The Fellows will receive training consisting of a Virtual Institute, providing 20 hours of basic cybersecurity training over six months. The training will be delivered by Trusted CI staff and invited speakers. The Virtual Institute will be presented as a weekly series via Zoom and recorded to be publicly available for later online viewing. Travel support is budgeted (during their first year only) to cover fellows’ attendance at the NSF Cybersecurity Summit, PEARC, and one professional development opportunity agreed to with Trusted CI. The Fellows will be added to an email list to discuss any challenges they encounter that will receive prioritized attention from Trusted CI staff. Trusted CI will recognize the Fellows on its website and social media. Fellowships are funded for one year, after which the Trusted CI Fellows will be encouraged to continue participating in Trusted CI activities in the years following their fellowship year. After their training in the Virtual Institute, Fellows, with assistance from the Trusted CI team, are expected to help their science community with cybersecurity and make them aware of Trusted CI for complex needs. By the end of the year, they will be expected to present or write a short white paper on the cybersecurity needs of their community and some initial steps they will take (or have taken) to address these needs. After the Fellowship year Trusted CI will continue to recognize the cohort of Fellows and give them prioritized attention. Over the years, this growing cohort of Fellows will broaden and diversify Trusted CI’s impact.

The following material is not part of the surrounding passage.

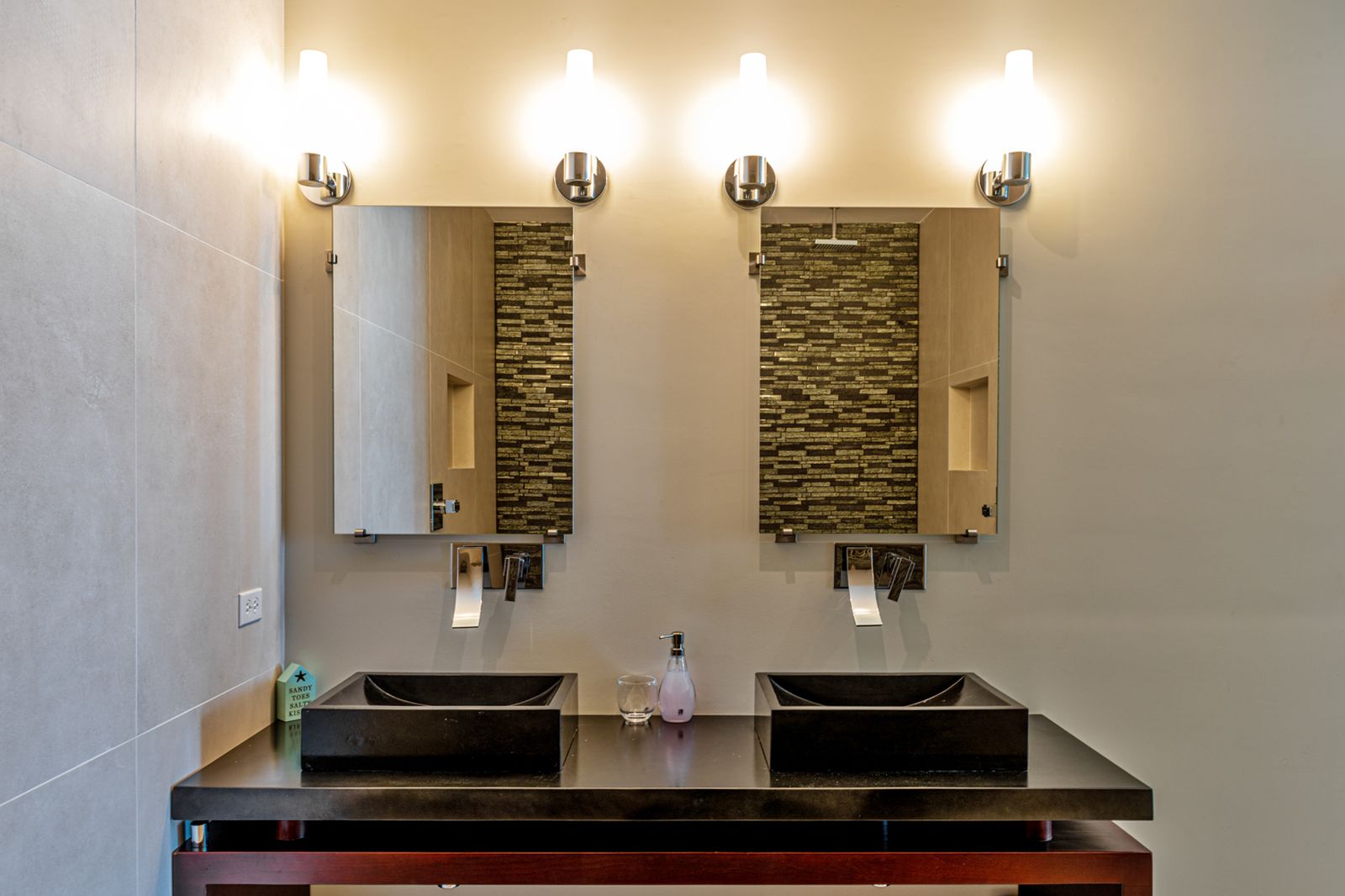 De master suite, met uitzicht over zee en een luxe vrijstaand bad, vormt een intieme en ontspannen retreat, perfect om te genieten van de wereldberoemde zonsondergangen van Bonaire.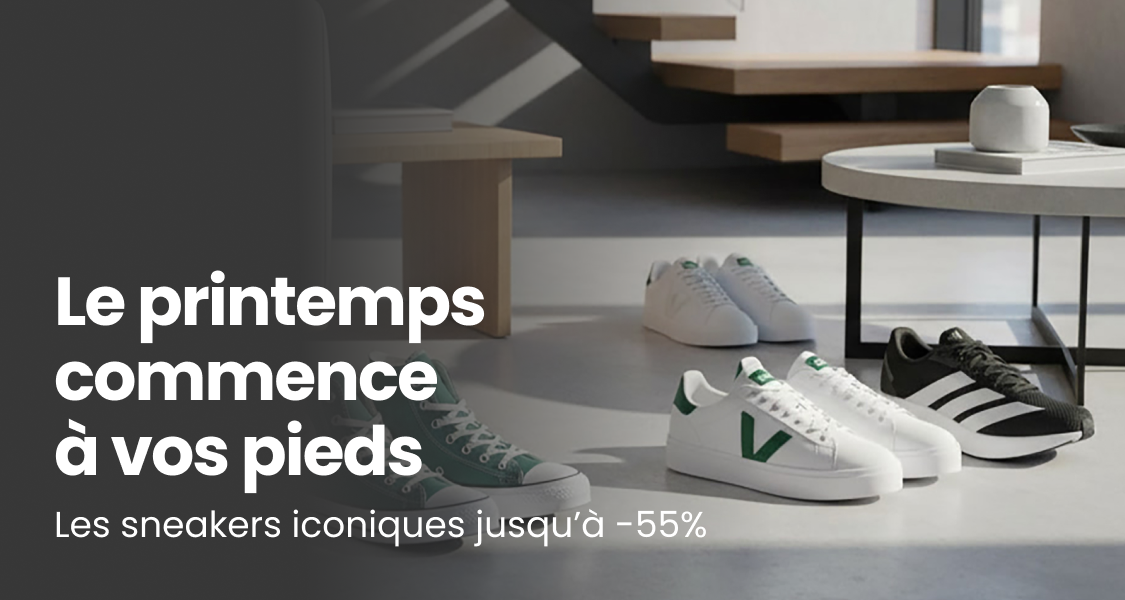 Découvrez notre sélection sneakers pour le printemps avec des modèles iconiques pour homme et femme jusqu’à -55%. Des baskets tendances et confortables pour renouveler votre style de saison. Profitez des offres limitées et trouvez vos sneakers parfaites pour marcher avec style au printemps.

 About the Trusted CI Fellows Program

Trusted CI serves the scientific community as the NSF Cybersecurity Center of Excellence, providing leadership in and assistance in cybersecurity in the support of research. In 2019, Trusted CI establish an Open Science Cybersecurity Fellows program. This program establish and support a network of Fellows with diversity in both geography and scientific discipline. These fellows will have access to training and other resources to foster their professional development in cybersecurity. In exchange, they will champion cybersecurity for science in their scientific and geographic communities and communicate challenges and successful practices to Trusted CI.

Fellows come from a variety of career stages. They demonstrate a passion for their area, the ability to communicate ideas effectively, and a real interest in the role of cybersecurity in research. Fellows are empowered to talk about cybersecurity to a wider audience, network with others who share a passion for cybersecurity for open science and learn key skills that benefit them and their collaborators.